Good intentions don't always equal a good result, and Gyllenhaal isn't capable of carrying these specific types of scenes. We know he's talented, but too much rests on his shoulders and it often appears that he's attempting to replicate the eye-popping intensity of Al Pacino in his roles. Unfortunately, that only works in films like Nightcrawler or Ambulance (the latter of which is basically Dog Day Afternoon on wheels, to be fair) without the subtlety that Pacino can channel. Gyllenhaal is a fine actor, even here, but there’s a discrepancy between him and the likes of Mahershala Ali or his Prisoners co-star Hugh Jackman.

Dar Salim, Jake Gyllenhaal, The Covenant
A still from The Covenant courtesy of MGM.

Maybe it’s more of a writing issue — more background about Kinley the man and the soldier would’ve gone a long way instead of just having him be the stubborn Sergeant. Instead, you are left with a bare-bones family connection and the constant affirmation that he’s a no-nonsense badass with very little to prove it.

Salim, on the other hand, plays his role perfectly. Early on, the viewer has to learn to trust him just as Kinley does. It’s not that he seems shady, per se, but the sureness in his instincts (that often end up being right) makes you question whether he knows more than he lets on. They make for a good pairing, but Salim gets a large portion of the film to himself once he’s transporting Kinley. That’s a big swing to take with a relatively unknown actor, but it pays off.

Jake Gyllenhaal, Dar Salim, The Covenant
A still from The Covenant courtesy of MGM.

At the end of the day, you do have to give credit to Ritchie for going with a drastically different tone than his other work.

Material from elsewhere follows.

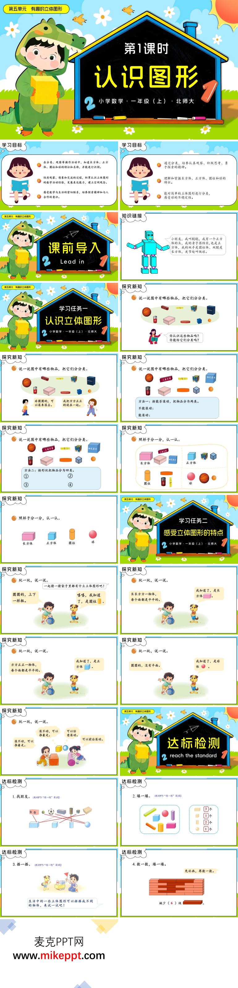 这是一套专为北师大版一年级上册数学第五单元第一课时“认识图形”设计的 PPT 课件模板,共包含 28 张幻灯片。图形作为数学学科的核心要素之一,是孩子们在接触数学学习时的重要内容。在数学学习的初始阶段,数字和图形是孩子们最先接触的两个领域。图形不仅能够帮助孩子们构建数学学习的基本框架,还能有效培养他们的数学思维能力和空间想象力。本套 PPT 模板主要围绕三角形、正方形、长方体、正方体和圆柱等基本图形展开教学,旨在帮助学生初步认识这些图形的特征,并通过多种教学活动加深理解。 PPT 模板内容通过 PowerPoint 软件精心编排,分为四个部分逐步展开。第一部分是学习目标与学习重点的介绍。在这一部分,明确提出了本节课的学习目标,包括能够识别和命名常见的平面图形(如三角形、正方形)和立体图形(如长方体、正方体、圆柱)。同时,强调了学习重点,即掌握这些图形的基本特征,如正方形的四条边相等、四个角都是直角,圆柱的上下两个面是圆形且侧面是曲面等。通过清晰的目标设定,帮助学生在学习过程中有的放矢。 第二部分聚焦于图形基本特征的教学。通过生动的图片、动画演示和实物展示,帮助学生直观地认识长方体、正方体和圆柱等立体图形的基本特征。例如,通过展示不同大小和颜色的长方体,引导学生观察其面、棱和顶点的特征;通过滚动圆柱和球体的对比实验,让学生直观感受圆柱的运动特性。这一部分通过多种教学手段,帮助学生从视觉、触觉等多个感官角度认识图形,增强学习的趣味性和实效性。 第三部分是习题练习环节。通过设计多样化的练习题,包括选择题、连线题和简单的图形拼搭题,帮助学生巩固所学知识。例如,通过展示一组图形,让学生选择哪些是长方体、哪些是圆柱;通过拼搭游戏,让学生用积木拼出指定的立体图形。这些练习题不仅考查学生对图形特征的掌握程度,还培养了他们的动手操作能力和逻辑思维能力。 最后一部分详细讲解了立体图形的分类。通过系统的分类方法,帮助学生理解不同立体图形之间的相似性和差异性。例如,将长方体和正方体归为一类,因为它们都有 6 个面、12 条棱和 8 个顶点,但正方体的 6 个面完全相同,而长方体的相对面相等。通过分类讲解,帮助学生建立起系统的知识结构,进一步提升他们的空间思维能力。 总的来说,这套 PPT 课件模板通过科学合理的结构设计和丰富的教学内容,将图形的认识与数学思维的培养相结合。通过明确学习目标、直观教学图形特征、设计多样化的练习以及系统讲解图形分类,学生不仅能够初步认识常见的平面和立体图形,还能在学习过程中培养空间想象力和逻辑思维能力。这种循序渐进的教学方式,为孩子们的数学学习奠定了坚实的基础,也为他们未来的学习和发展提供了有力的支持。

When you think of him, you likely think of fast-talking crime films like Snatch, but never has he done a war film. And this venture into a new genre is far and away better than his attempts at spy films (his adaptation of The Man from U.N.C.L.E. was passable at best) or epic fantasy (King Arthur: Legend of the Sword) because he’s not afraid to make a somber and dramatically effective film and resisted any urge that he could have had to make this feel like a Guy Ritchie film. (There’s some humor, but it’s mostly the soldiers riffing on each other and some sarcastic one-liners here and there.)

Should you watch The Covenant? 

Look, if you’re a fan of Guy Ritchie's work, you’ll be relieved that The Covenant is his best film since The Gentlemen — though Wrath of Man being your bar to clear doesn’t say a whole lot. Led by a great performance from Dar Salim, it’s an effective thriller when the mission is in full swing, but it's a surface-level story with a middling second act that does weigh it down. You’ll be begging Jake Gyllenhaal to begin his mission after a few short minutes.

Grade: C+

Guy Ritchie’s The Covenant will be released on April 21.